When Process and Data Automation (PDA) is on the hunt for controls engineers, it searches for those with classroom and laboratory experience, with that lab experience also coming from outside classroom walls. In an effort to find those well-rounded employees, PDA established its own internship program to help train the next generation of engineers.
“Our staff growth includes recent college graduates and it’s critical that we employ highly educated, capable and prepared engineers,” explained Mike Benedict, PDA vice president. “We felt the best way to ensure college students received real-world experience was to create our own program.”
Through an ongoing relationship with Penn State Erie, the Behrend College’s School of Engineering, the company approached the school asking if it would support a PDA-sponsored internship program. In addition to preparing students, Benedict felt it would provide students with a true industry perspective. Many years later, dozens of college students have augmented their college studies by working at PDA, earning both credits and an income.
Students in the school’s Electrical and Computer Engineering Technology (ECET) and Electrical Engineering (EE) programs are eligible and begin their paid internship at PDA after their fourth semester, working about 15 hours per week through graduation. In addition to Penn State students, PDA accepts similarly prepared students from other colleges. “The interns’ exposure to the fundamentals helps build the foundation necessary to gain immediate and meaningful work experience with us,” Benedict said.
But don’t just take it from Benedict.

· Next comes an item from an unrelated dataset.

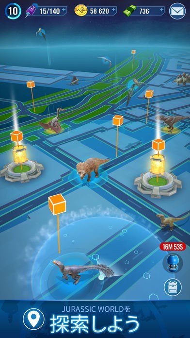 GPS機能による位置情報によって、街のあちこちで恐竜を発見してDNAサンプルを採取することができるゲームとなっていて、散歩やドライブをもっと楽しくしてくれます。

Graduates who worked for PDA say their time with the Erie, Pa.-based controls and integration company was a critical component of their education. “Working at PDA absolutely complemented my studies at Penn State,” said Alan Owens. “PDA was like an advanced PLC programming class with more professors than students.”
Owens, who works for Joy Mining Machinery in Franklin, Pa., as a process engineer, said his experience at PDA felt like a true engineering position. “I wasn’t just making copies or PowerPoint slides,” he said. “I was working with the team and making real contributions.” The PDA internship program also helps give students an edge in the classroom. “Having worked at PDA prior to taking an intermediate PLC course at Penn State, I was already introduced to many – if not all – of the concepts covered in the class and definitely had an upper hand,” said Rob Leck, who works for Norfolk & Southern in Pittsburgh as a management trainee who will, within a year, become a track supervisor.
Although working for a paycheck is appealing to the interns, so too is real-world learning and making true contributions to the company. “At PDA, you are guaranteed work that is relevant to your engineering studies,” explained Eric Williams. “I wanted to make money in a related field and PDA offered opportunities such as onsite work for start-ups and service contracts, frequently available training classes and flexible hours to work around my classes.”
The PDA training ground also serves as a pipeline for the company, which hires from the program almost exclusively. In fact, Williams earned his Penn State degree and immediately went from PDA intern to PDA employee. “The internship helped develop the skills needed for full-time employment,” Williams said. “As my understanding of the systems grew, so did my involvement with projects. It started with the understanding and design of system schematics, then HMI development and finally some PLC integration.” It is that type of experience and involvement that Leck said is so valuable to students. “You will have the opportunity to work with customers and side by side with engineers on multiple projects. There are opportunities to travel with an engineer and get fieldwork experience as well,” he said. “I will be the first person to recommend a PDA internship.”